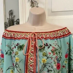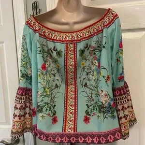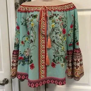 Umgee Floral Boho Blouse Off the Shoulder Small Mixed Print Womens Gypsy Top
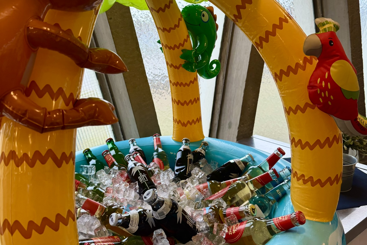 Bei bunten Planschbecken, Liegestühlen, Kunstpalmen und entspannter Musik von DJ Linow, Sven Sadlowski (Werkfeuerwehr YNCORIS), kam trotzdem Sommerfeeling auf. Viele unterhielten sich über Unternehmensgrenzen hinweg. Genau das ist das Ziel der Veranstaltung: mit anderen ins Gespräch zu kommen und gemeinsam Spaß zu haben.
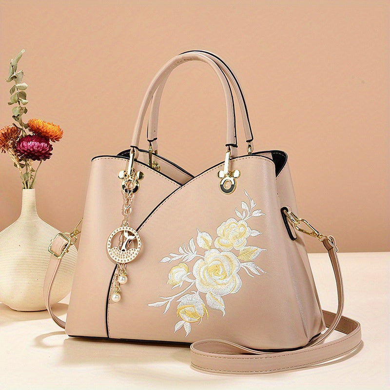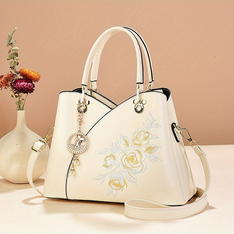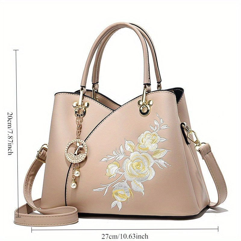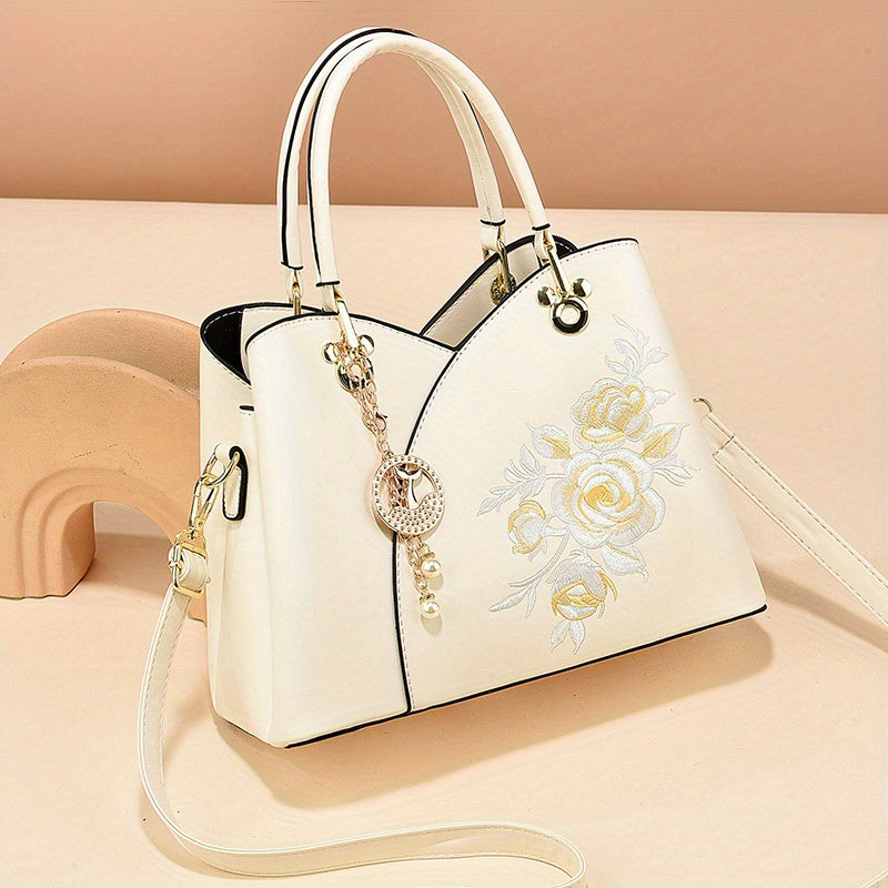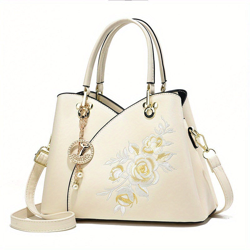 Elegant Women'S Tote Handbag | Large Capacity | with Floral Embroidery | Detachable Shoulder Strap | Versatile Commuter Bag | No-Closure Design | Available in White, Blue, Green, and Black | Perfect for Everyday Use

┄┄┄┄┄┄

• **Assignment**: Word for word, reproduce all the data, but not the pictures.

• **Written solution**:
 Umgee Floral Boho Blouse Off the Shoulder Small Mixed Print Womens Gypsy Top
 Bei bunten Planschbecken, Liegestühlen, Kunstpalmen und entspannter Musik von DJ Linow, Sven Sadlowski (Werkfeuerwehr YNCORIS), kam trotzdem Sommerfeeling auf. Viele unterhielten sich über Unternehmensgrenzen hinweg. Genau das ist das Ziel der Veranstaltung: mit anderen ins Gespräch zu kommen und gemeinsam Spaß zu haben.
 Elegant Women'S Tote Handbag | Large Capacity | with Floral Embroidery | Detachable Shoulder Strap | Versatile Commuter Bag | No-Closure Design | Available in White, Blue, Green, and Black | Perfect for Everyday Use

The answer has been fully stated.